Based on these data, the investigators came to the following conclusions:

• Twenty conditions accounted for approximately 58% of personal health care spending, which totaled an estimated $1.2 trillion in 2013.

• More resources were spent on diabetes than any other condition in 2013, at an estimated $101.4 billion. Prescribed medications accounted for nearly 60% of diabetes costs.

• The second-highest amount of health care spending was for ischemic heart disease, which accounted for $88.1 billion in 2013. Most such spending occurred in inpatient settings.

• Low-back and neck pain, comprising the third-highest level of spending, cost an estimated $87.6 billion. Approximately 60% of this spending occurred in ambulatory settings.

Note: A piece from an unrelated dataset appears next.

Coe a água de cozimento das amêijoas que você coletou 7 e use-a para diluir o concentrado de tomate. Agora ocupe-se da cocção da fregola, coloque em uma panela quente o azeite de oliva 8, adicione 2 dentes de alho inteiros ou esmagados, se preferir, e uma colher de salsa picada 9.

• Among all 155 conditions, spending for diabetes and low-back and neck pain increased the most during the 18-year study period.

• Among all six types of care, spending on pharmaceuticals and emergency care increased the most during the study period.

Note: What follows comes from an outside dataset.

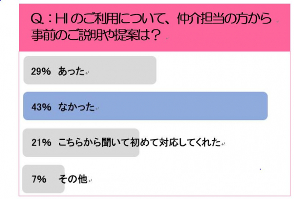 中古戸建住宅購入時にさくら事務所のHIを利用した方を対象としたアンケート調査を実施したところ、「HIについて事前の説明や提案を受けなかった」が43%という結果となりました。

It is important to note that for the purposes of this study, cancer was disaggregated into 29 separate conditions, and none of them placed in the top 20 for health care spending, Dr. Dieleman and his associates noted (JAMA. 2016;316[24]:2627-46. doi: 10.1001/jama.2016.16885).

When spending was categorized by patient age groups, working-age adults accounted for the greatest amount spent in 2013, estimated at $1,070.1 billion. But that was followed closely by patients aged 65 and older, who accounted for an estimated $796.5 billion, much of which was spent on care in nursing facilities. The smallest amount of health care spending was in children over age 1 and adolescents, who accounted for an estimated $233.5 billion.

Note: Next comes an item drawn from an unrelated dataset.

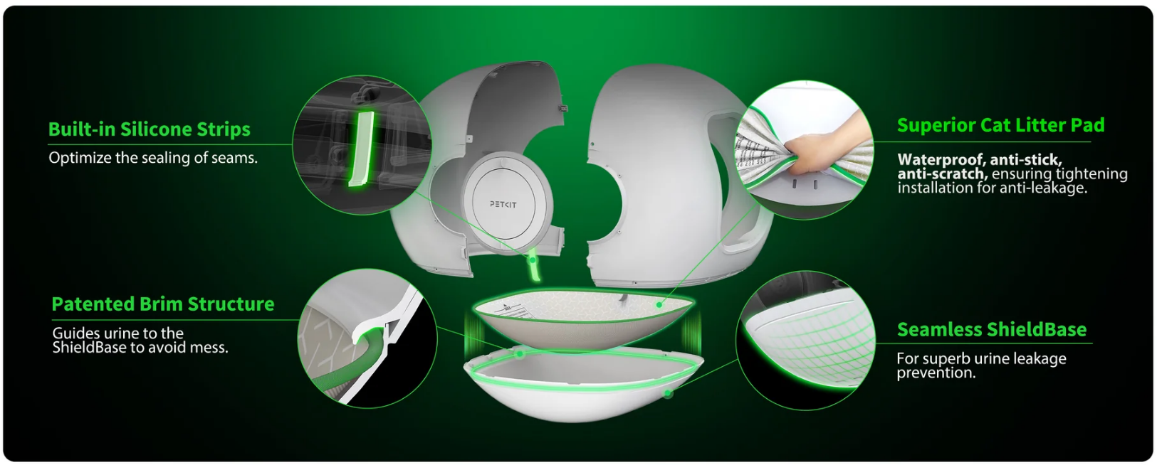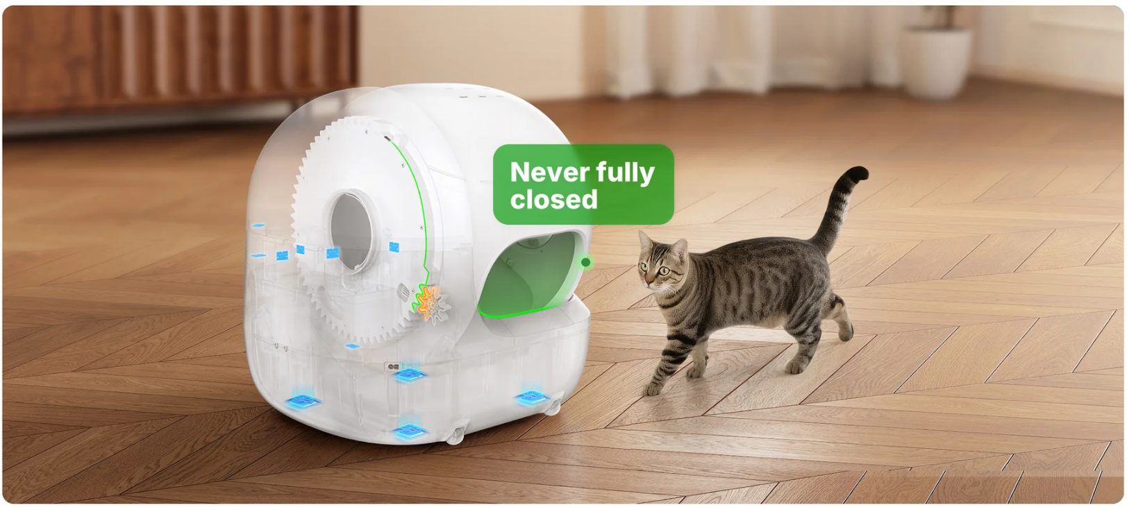 The patented anti-pinch design ensures the entrance is open at all times. 12 integrated safety sensors ensure maximum safety for cat's every litter box visit.

Among the other study findings:

• Spending on pharmaceutical treatment of two conditions, hypertension and hyperlipidemia, increased at more than double the rate of total health care spending. It totaled an estimated $135.7 billion in 2013.

• Other top-20 conditions included falls, depression, skin disorders such as acne and eczema, sense disorders such as vision correction and hearing loss, dental care, urinary disorders, and lower respiratory tract infection.

This work was supported by the National Institute on Aging and the Vitality Institute. Dr. Dieleman and his associates reported having no relevant financial disclosures.